┏━━

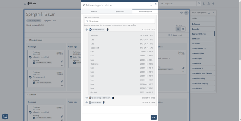 På fanen "Aktivitetsrapport", kan man på deltagerniveau, se de handlinger der er foretaget. Hver gang et spørgsmål åbnes, ændres og afsluttes bliver det logget. Er listen over deltagere lang, kan man søge på både navn og mail i søgefeltet.
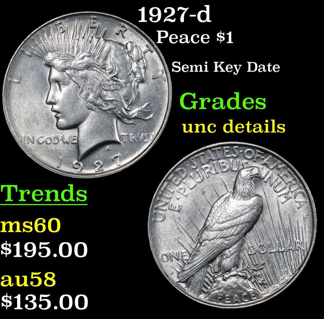 1927-d Semi Key Date . Peace Dollar $1 Grades Unc Details.
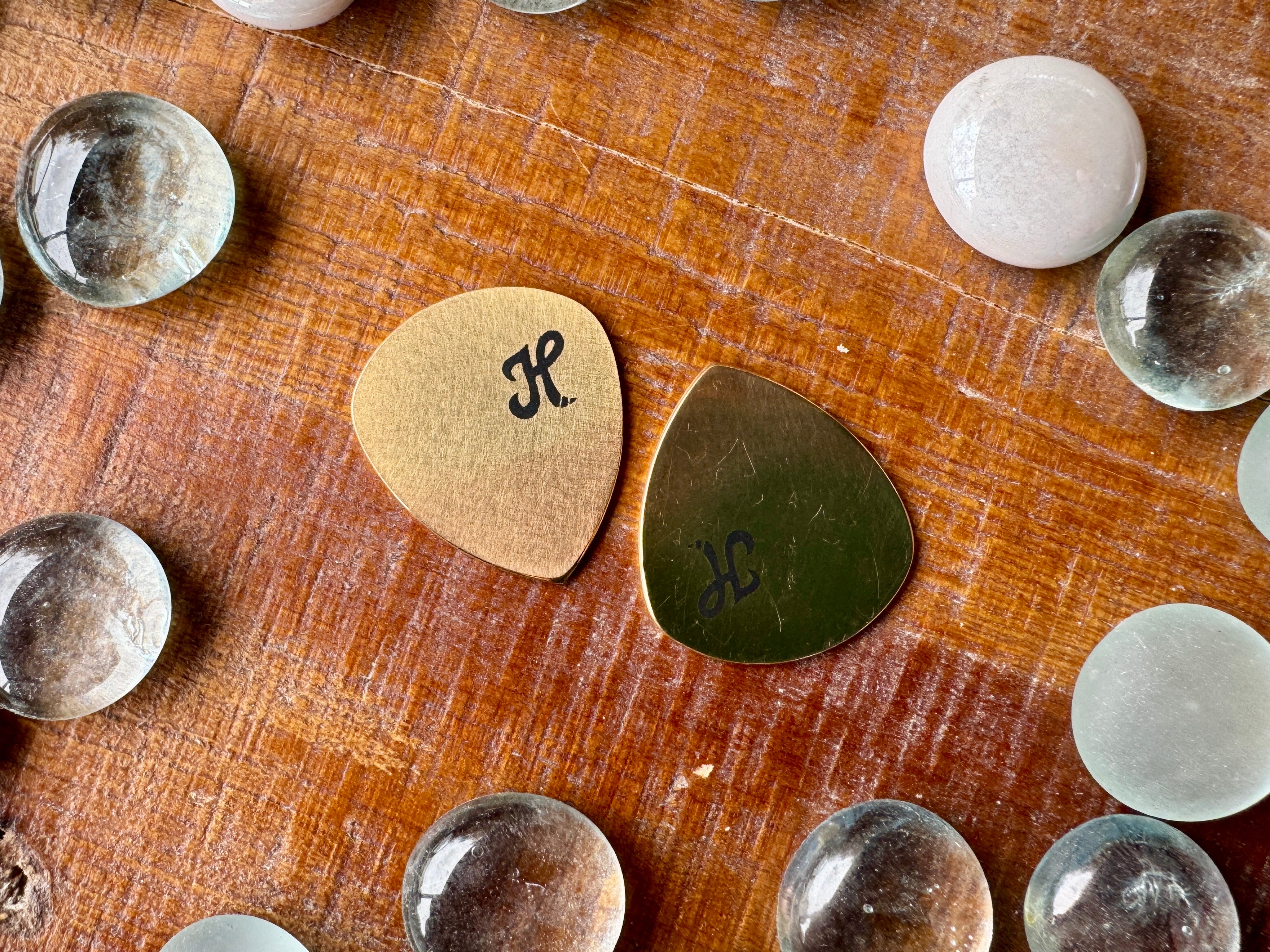 Honey's PEEK pick is a super high quality & great feeling material. Very smooth, incredibly durable and extremely comfortable to play. If you're curious how this compares to the other top thermoplastic pick in the industry like I was, the PEEK pick has a very similar feel & string tone, but seems to be a tad more tactile/grippy.
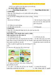 ặ hù: Sau bài h c, h ọ c ọ sinh s : ẽ - Nh n bi ậ t ế được l i ợ ích c a ủ vi c ệ ham h c h ọ i ỏ đ i ố v i ớ l a t ứ u i ổ c a m ủ ình. 2. Năng l c chung. ự - Năng l c t ự ch ự , ủ t h ự c: ọ Nh n ậ bi t ế đư c l ợ i ợ ích c a vi ủ c ham ệ h c h ọ i ỏ - Năng l c ự gi i ả quy t ế v n ấ đ ề và sáng t o: ạ T ự tìm hi u ể thêm v ề các l i ợ ích c a ủ việc ham h c ọ h i ỏ - Năng l c ự giao ti p ế và h p ợ tác: Bi t ế chia s , ẻ trao đ i ổ , trình bày trong ho t ạ đ ng ộ nhóm. 3. Phẩm ch t ấ . - Ph m ẩ ch t ấ nhân ái: Có ý th c ứ giúp đỡ l n ẫ nhau trong ho t ạ đ ng ộ nhóm để hoàn thành nhi m ệ v . ụ - Ph m ẩ ch t ấ chăm ch : ỉ Chăm ch quan s ỉ át, suy nghĩ, tr l ả i ờ câu h i ỏ - Ph m ẩ ch t ấ trách nhi m ệ : Gi t ữ r t ậ t , bi ự t ế l ng nghe, h ắ c ọ t p nghi ậ êm túc. II. Đ D Ồ ÙNG D Y Ạ H C Ọ - K ho ế ch ạ bài d y ạ , bài gi ng ả Power point. M i
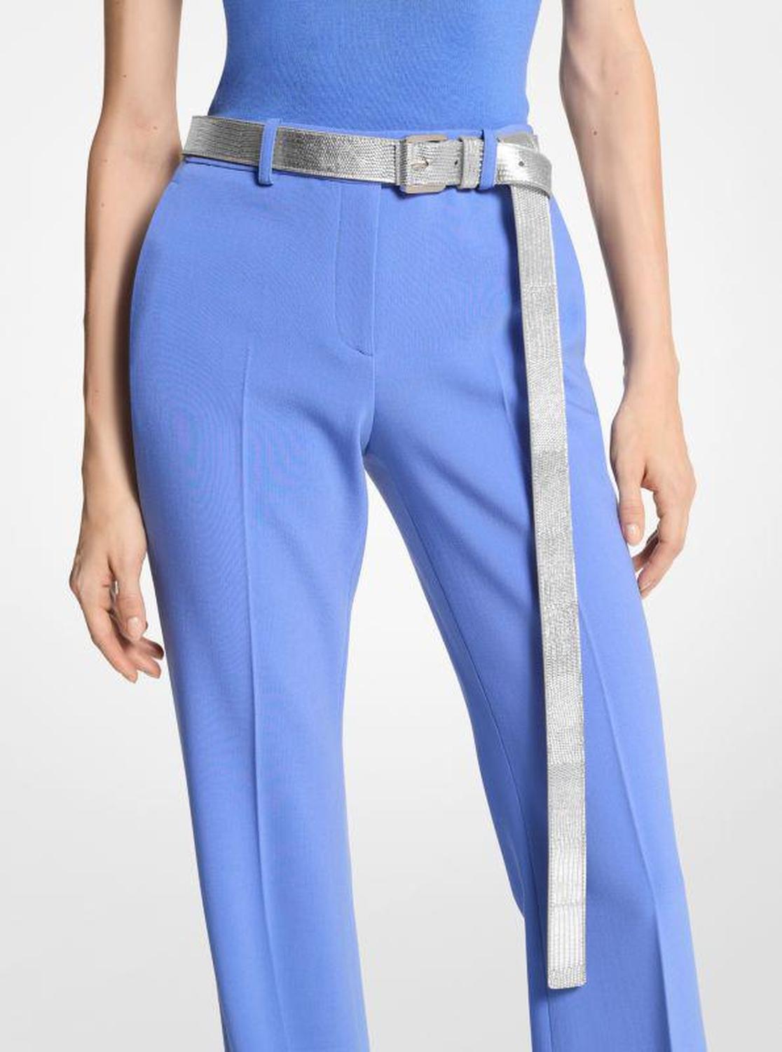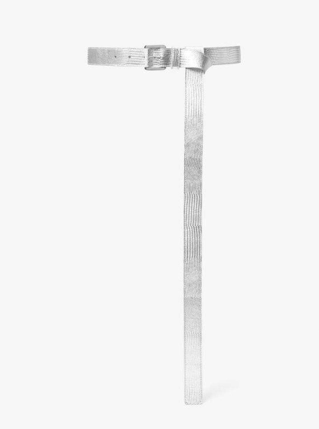 The Jodi belt is a notable accessory seen throughout the Fall/Winter 2024 runway collection. Designed to be worn with sharply tailored trousers and more, this elongated style is finely crafted in Italy from lizard-embossed leather and punctuated with a polished square-shaped buckle. The metallic finish will beautifully complement the season’s azure-hued separates. • Belt • Metallic lizard embossed leather • 100% leather • Silver-tone hardware • Buckle fastening • Made in Italy • XS = 31.5”/80 cm • S = 33.5”/85 cm • M = 35.5”/90 cm • L = 37.5”/95 cm • Belt • Metallic lizard embossed leather • 100% leather • Silver-tone hardware • Buckle fastening • Made in Italy • XS = 31.5”/80 cm • S = 33.5”/85 cm • M = 35.5”/90 cm • L = 37.5”/95 cm
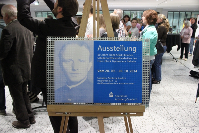 Plakat AusstellungZum 50-jährigen Bestehen des Franz-Stock-Komitees für Deutschland haben das Komitee und die Sparkasse Arnsberg-Sundern für die Schülerinnen und Schüler des Franz-Stock-Gymnasiums Arnsberg einen Preis ausgelobt. Ziel des Wettbewerbes war es, dass sich die Schüler und Schülerinnen mit dem Namensgeber ihrer Schule künstlerisch auseinander setzen und ihnen die geschichtliche Person Franz Stock, mit seinen Vorstellungen und in seinem Handeln näher zu bringen. An diesem Wettbewerb haben sich erfreulich viele Schüler und Schülerinnen in unterschiedlicher Art und Weise beteiligt.
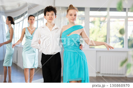 Dance teacher teaches a girl and a boy couples ballroom dancing
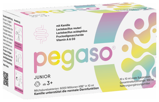 Konkret besteht pegaso® Junior nicht nur aus Milchsäurebakterien, sondern wurde kombiniert mit den stärkenden Vitaminen A für die Darmschleimhaut und D3 für ein normal funktionierendes Immunsystem. Das Nahrungsergänzungsmittel enthält neben den Lactobacillen reuteri und acidophilus auch wertvolle Mikronährstoffe, die der Darmflora dienen. Die Fructooligosaccharide in pegaso® Junior zählen zu den Präbiotika: Für die Milchsäurebakterien schaffen sie somit eine einladende Umgebung im Darm. Ergänzt um den natürlichen Kamillenblüten-Trockenextrakt kann jedes Fläschchen pegaso® Junior auch einen pflanzlichen Beitrag für das Wohlbefinden im Magen und Darm Ihres Kindes leisten.
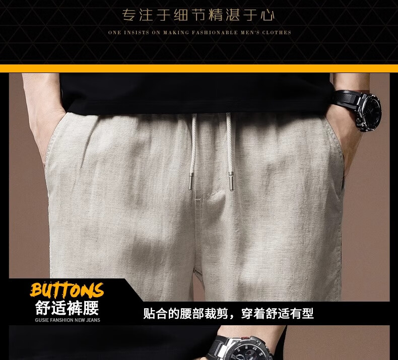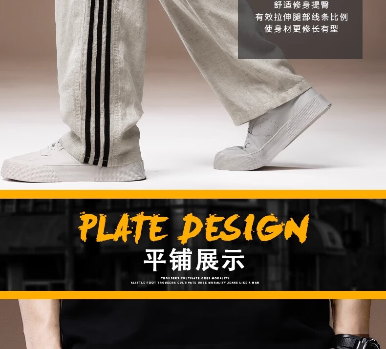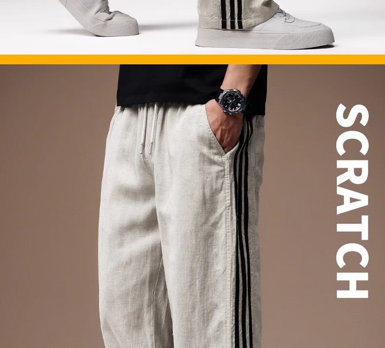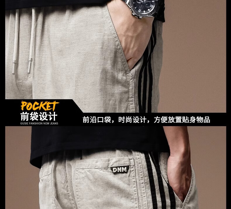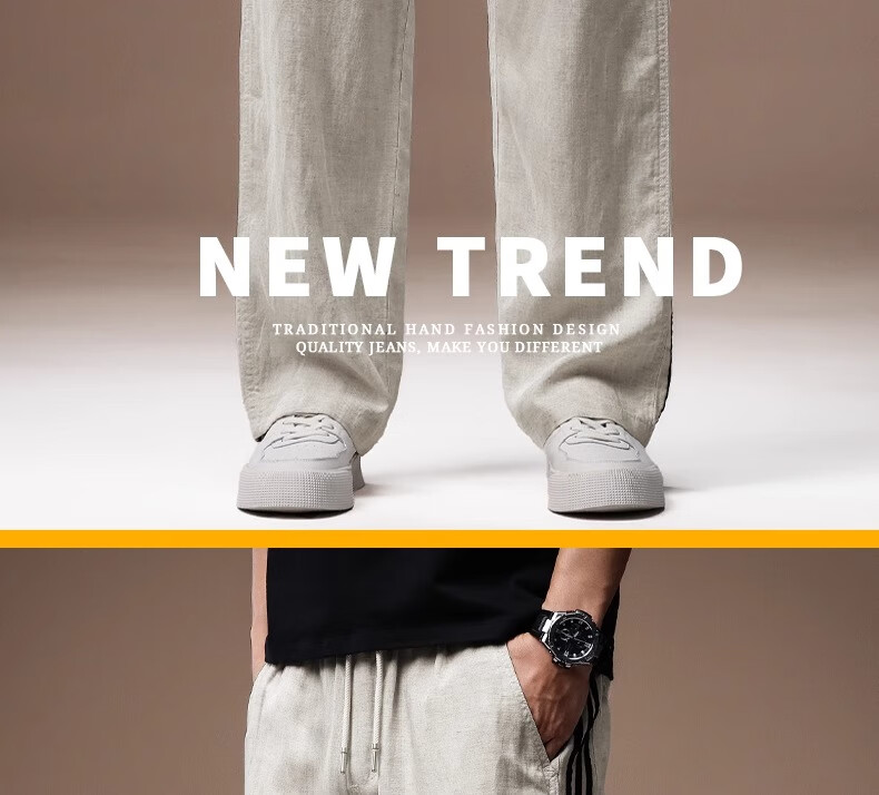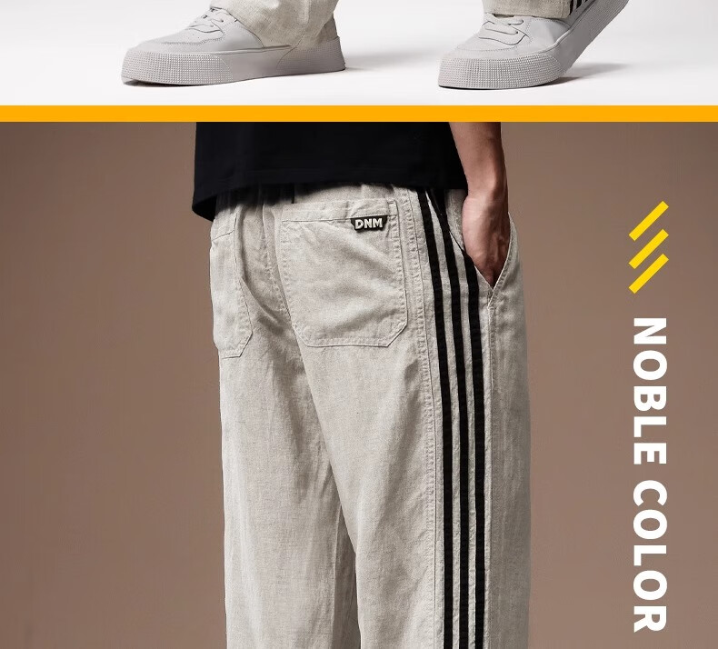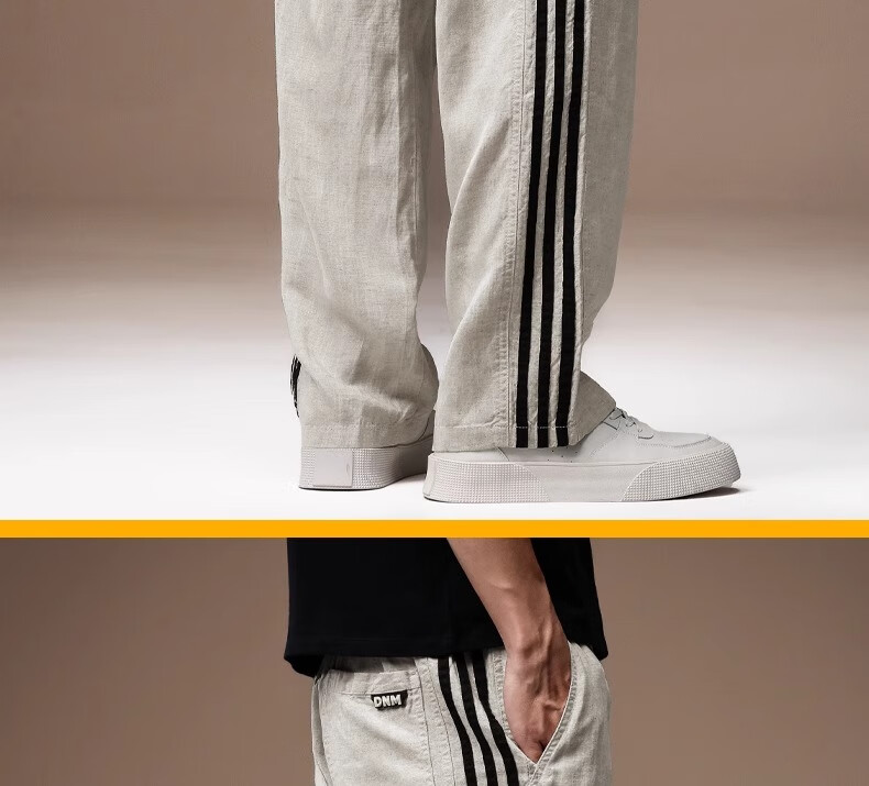 新百伦高端亚麻条纹休闲裤男秋季新款垂感男裤简约直筒长裤子男 杏色+运费险 2XL 【建议170-190斤】

┗━━

Reproduce verbatim the opening line of the material and every line after it, up to and including the line with "Honey's PEEK pick", but no pictures.

 På fanen "Aktivitetsrapport", kan man på deltagerniveau, se de handlinger der er foretaget. Hver gang et spørgsmål åbnes, ændres og afsluttes bliver det logget. Er listen over deltagere lang, kan man søge på både navn og mail i søgefeltet.
 1927-d Semi Key Date . Peace Dollar $1 Grades Unc Details.
 Honey's PEEK pick is a super high quality & great feeling material. Very smooth, incredibly durable and extremely comfortable to play. If you're curious how this compares to the other top thermoplastic pick in the industry like I was, the PEEK pick has a very similar feel & string tone, but seems to be a tad more tactile/grippy.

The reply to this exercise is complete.